Exact reproduction is required for the lines below starting at the line with "9月26日,郑州轻工业大学2" and ending at the line with "The signature salad", both included. No other lines, and no pictures.

*Material for this task*
___

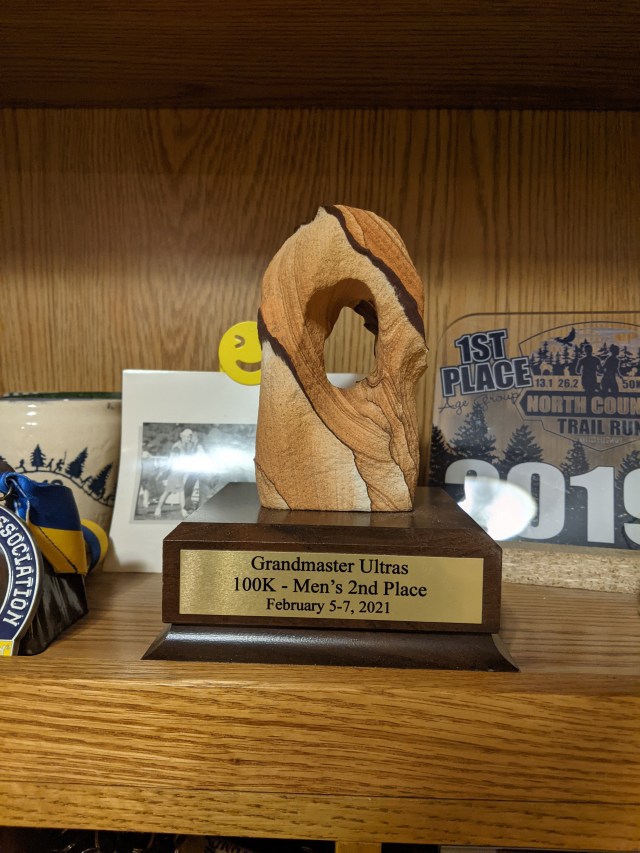 And how do I feel about it now? Just fine, thank you. One advantage of being over fifty is learning what’s worth getting upset over, and what isn’t. And a race result is a definite isn’t. Besides, it makes for a good story. And I like the trophy. People think it’s pretty cool. What was I going to do with another belt?
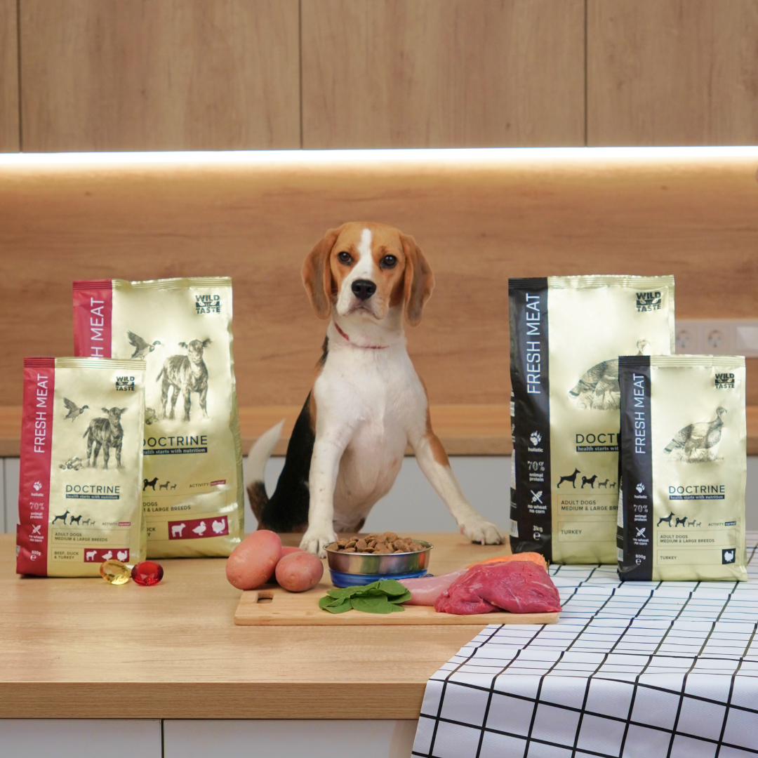 За первые 12 месяцев вес щенка среднего размера, к которым относится бигль, увеличивается в 30–40 раз. В возрасте 1 год бигля постепенно можно переводить на корма серии Doctrine Fresh Meat для взрослых собак. Рацион имеет оптимальную калорийность, 3 вида мяса в составе, а также нескольких видов клетчатки, чтобы поддерживать вес бигля в пределах нормы.
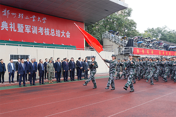 9月26日,郑州轻工业大学2025级新生开学典礼暨军训考核总结大会在东风校区隆重举行。校领导张志坚、魏世忠、杨新宇、王延峰、张成、周立明、顾兴良、王继威以及承训部队首长出席。相关部门和各学院负责同志、全体新生辅导员、教师代表、校友代表、承训部队教官参加大会并观看新生军训成果汇报。大会由校党委副书记杨新宇主持。
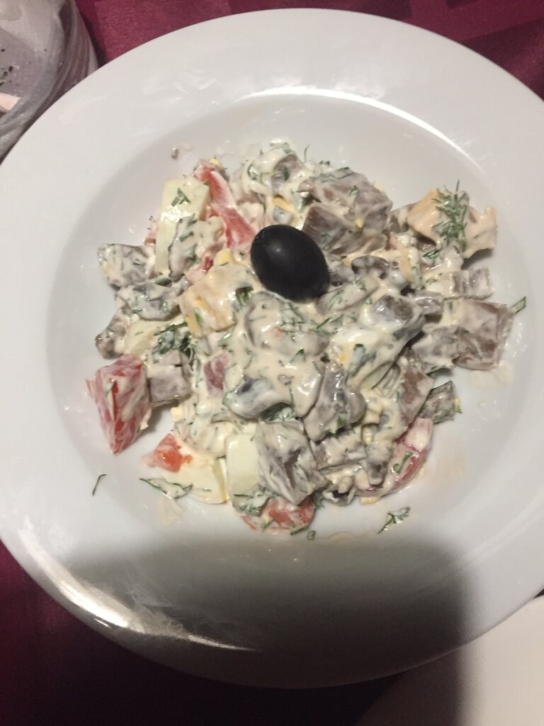 The signature salad "Sabo" surprised (250 grams)...((( I expected something delicious for 100 UAH, but it's not...pieces of cheese product, boiled eggs... I coveted beef tongue, fried mushrooms....There was a language...There were no mushrooms...
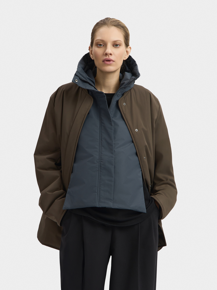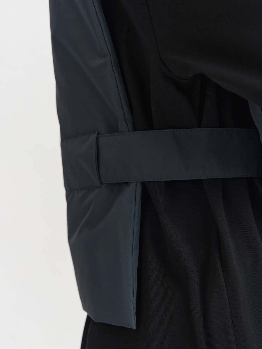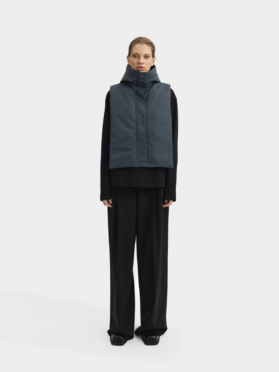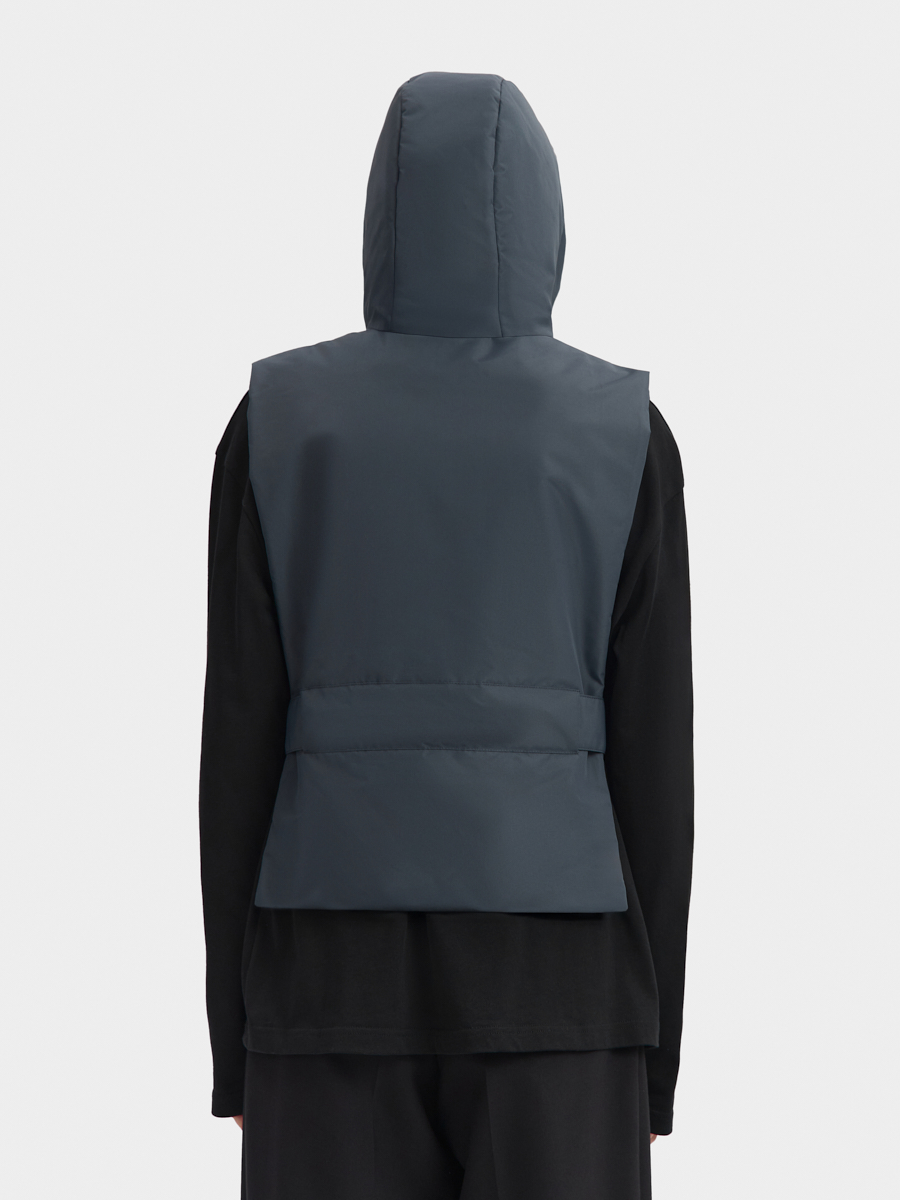 Утеплённая манишка Хельсинки из плащевой ткани. Манишка имеет объемный капюшон и широкую планку с застёжкой на молнию и кнопки. В изделии предусмотрен широкий пояс с кнопками для удобной фиксации и регулировки по талии. Манишку одинаково удобно носить как в качестве жилета поверх свитшотов и рубашек, так и под низ верхней одежды.
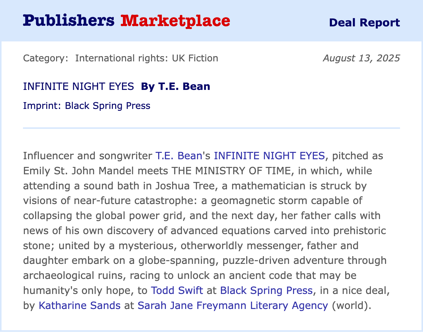 My debut novel, INFINITE NIGHT EYES, will be published by Black Spring Press (UK) and available in the USA & Canada via Simon & Schuster. Coming to a bookstore near you in autumn 2026.
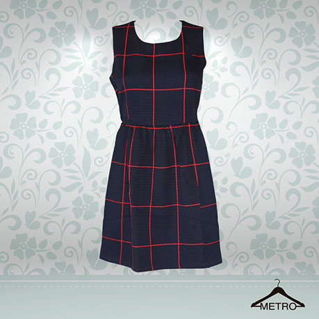 Vestido de mujer color azul marino con lineas rojas.
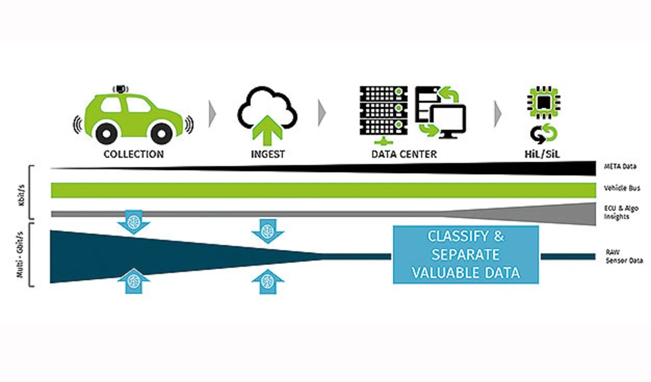 Getreu dem Motto »Every Bit is Gold« ist es für OEMs und Tier-1s, die sensorbasierte Systeme im Bereich Fahrerassistenz und autonomes Fahren entwickeln, üblich, möglichst viele Daten aus realen Testfahrten für die Validierung zu sammeln. Bei dieser Vorgehensweise wird man aber schnell mit verschiedenen Problemen konfrontiert: Sowohl das Speichern der Daten im Fahrzeug, als auch der Transport über das Netzwerk, die Speicherung im Rechenzentrum und die abschließende Verarbeitung der Daten, sind mit sehr hohen Kosten verbunden. Darüber hinaus erhalten Entwickler keine Informationen zur Relevanz der gesammelten Daten.
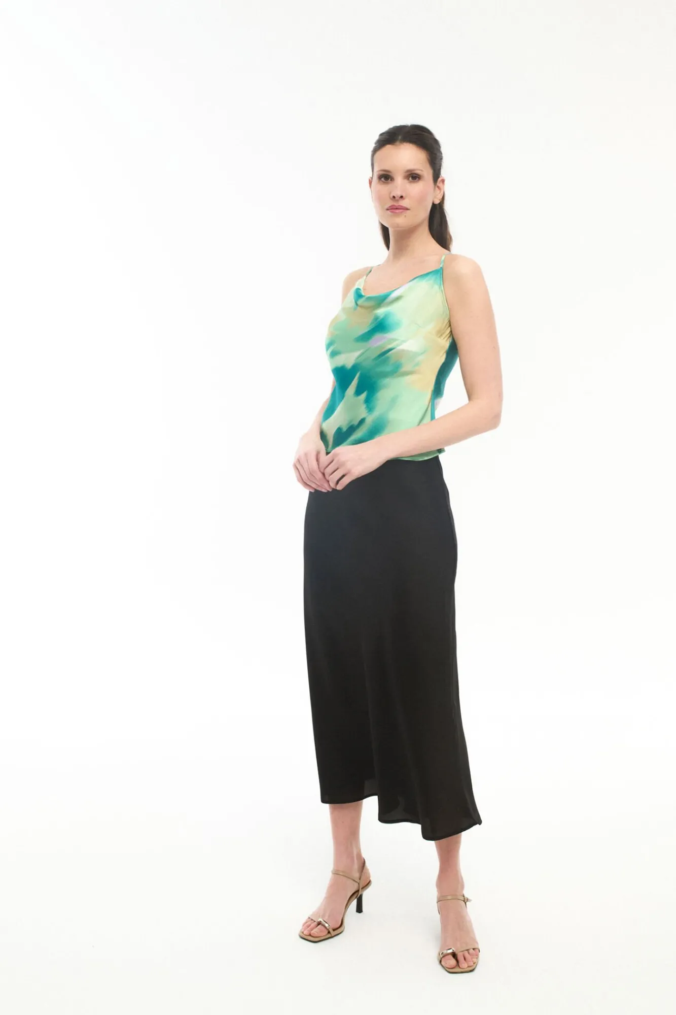 – Cintura alta elástica.Chame a atenção com esta linda saia longa de cetim! É uma das nossas peças favoritas graças ao cós alto e elástico, que lhe confere muito estilo e conforto.Comprimento: 90 cm no tamanho M
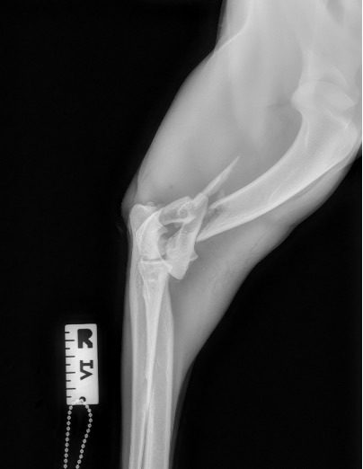 L’humérus distal est composé d’un condyle, de deux épicondyles (médiale et latérale) encadrant le foramen supratrochléaire (fermé chez le chat, présent mais occlus par une membrane chez le chien) et se poursuivant par le fût huméral proximalement.

___

*Exercise response*
 9月26日,郑州轻工业大学2025级新生开学典礼暨军训考核总结大会在东风校区隆重举行。校领导张志坚、魏世忠、杨新宇、王延峰、张成、周立明、顾兴良、王继威以及承训部队首长出席。相关部门和各学院负责同志、全体新生辅导员、教师代表、校友代表、承训部队教官参加大会并观看新生军训成果汇报。大会由校党委副书记杨新宇主持。
 The signature salad "Sabo" surprised (250 grams)...((( I expected something delicious for 100 UAH, but it's not...pieces of cheese product, boiled eggs... I coveted beef tongue, fried mushrooms....There was a language...There were no mushrooms...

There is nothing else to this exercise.